GenUnfold: Rapidly Predict Protein Mechanical Unfolding Trajectory via a Physics-Guided Diffusion Model

Overview

Gen_Unfold provides a conditional diffusion-based workflow for generating protein mechanical force–extension (F–E) curves and extracting mechanical properties (e.g., unfolding force) from the generated distributions. The repository includes core model code, data processing utilities, evaluation/analysis helpers, and example scripts for training, inference, and plotting.

Motivation

Single-molecule force spectroscopy (SMFS) provides valuable insights into protein mechanics at the single-molecule level. However, experimental data acquisition can be time-consuming and challenging, and the resulting F-E curves are inherently stochastic and noisy. Molecular dynamics (MD) simulations can generate large datasets but are computationally expensive, especially for slow unfolding events or large proteins.

This project explores using generative models, specifically Diffusion Models, to learn the complex distribution of F-E curves from available data (simulated). A well-trained conditional model can potentially:

• Generate realistic synthetic F-E curves for various proteins and conditions.
• Supplement limited experimental data for downstream analysis.
• Aid in understanding the relationship between protein sequence, unfolding conditions, and mechanical response.
• Facilitate the inference of mechanical properties directly from the generated distributions.
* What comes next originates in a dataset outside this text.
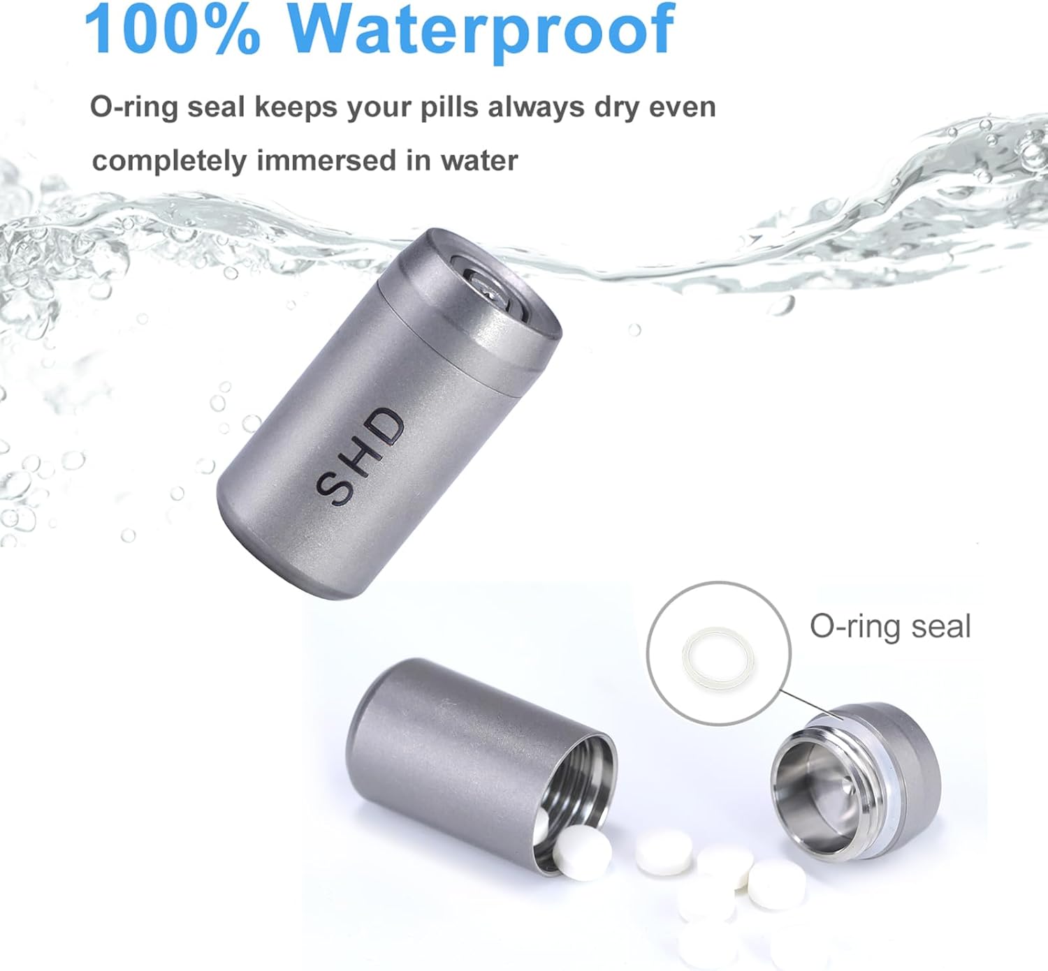 SHD Pill Holder Keychain,Titanium Waterproof Mini Pill Case Container,Portable Small Pill Box for Outdoor Travel Camping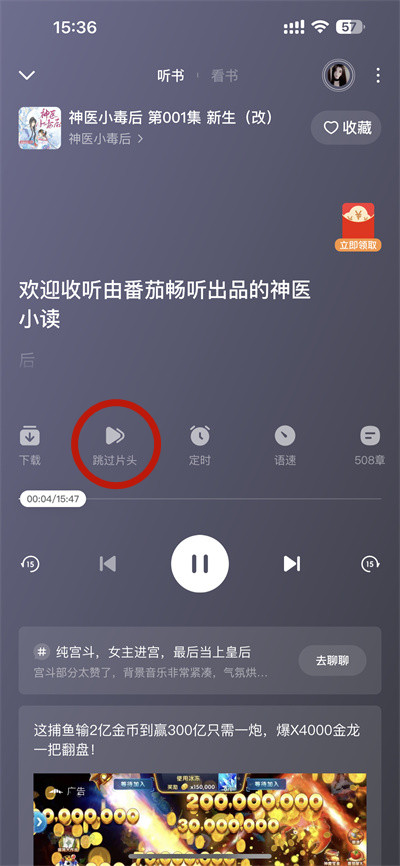2、小说播放页面 → 点击 跳过片头(红色圆圈图标)

Repository Layout (Current)

.
├── README.md
├── requirements.txt
├── data                      # (Optional) Dataset directory for training
├── scripts
│   ├── run.py                # Training/inference entrypoint (edit paths before use)
│   ├── inference.ipynb       # Notebook example for inference
│   ├── results.py            # Plotting and evaluation results in the paper
│   ├── data                  # Sample data (curves, labels, metadata)
│   ├── 1emb                  # Example PDB-derived features and outputs
│   └── sample_results        # Example output figures
├── src
│   ├── data_processing       # Dataset loading, preprocessing, feature extraction
│   ├── models                # Diffusion model architectures and schedulers
│   ├── training              # Trainers, losses, and training helpers
│   ├── evaluation            # Metrics and visualization utilities
│   ├── analysis              # Curve/property analysis utilities
│   ├── utils.py              # Pipeline, training, and inference glue
│   └── __init__.py
└── trained_models
    └── best_model.pt         # Example checkpoint (config.yaml expected alongside)

Setup

python -m venv venv
source venv/bin/activate  # On Linux/macOS
# venv\Scripts\activate.bat  # On Windows
pip install -r requirements.txt

If you plan to use protein language models (e.g., ESM-based encoders), additional dependencies may be required depending on your encoder choice.

Usage

1) Training

Edit paths in scripts/run.py to point to your local configuration and data, then run:

python scripts/run.py

The training entrypoint calls train_pipeline(...) from src/utils.py, which expects a YAML config path. This repository does not include a default config file, so you need to provide your own configuration and data paths.

2) Inference / Curve Generation

The inference entrypoint uses curve_prediction(...) from src/utils.py and expects:

• A pretrained model directory containing both best_model.pt and config.yaml.
• A PDB/mmCIF file (or PDB ID path) plus chain information.

Update scripts/run.py or your own script accordingly:

from Gen_Unfold.src import curve_prediction

curve_prediction(
    pretrained_model_path="/path/to/checkpoint_dir",
    pdb_id_or_path="/path/to/1emb.cif",
    chain="A",
    feature_path="/path/to/feature_dir",
    save_path="/path/to/predictions.npy",
    num_samples=1024,
    device="cuda",
)

3) Plotting & Evaluation

Use scripts/results.py to generate comparison plots and metrics. The default helpers assume the sample arrays under scripts/data and will output figures such as violin plots and curve comparisons.

python scripts/results.py

Example plots are available in scripts/sample_results/.

Notes

• trained_models/best_model.pt is an example checkpoint. The inference pipeline expects a config.yaml alongside the checkpoint; make sure your trained model directory contains both.
• Sample data used for plotting is under scripts/data/.
• The repository is research-oriented; some paths in scripts are placeholders and should be updated to match your local environment.

License

Specify your project's license here.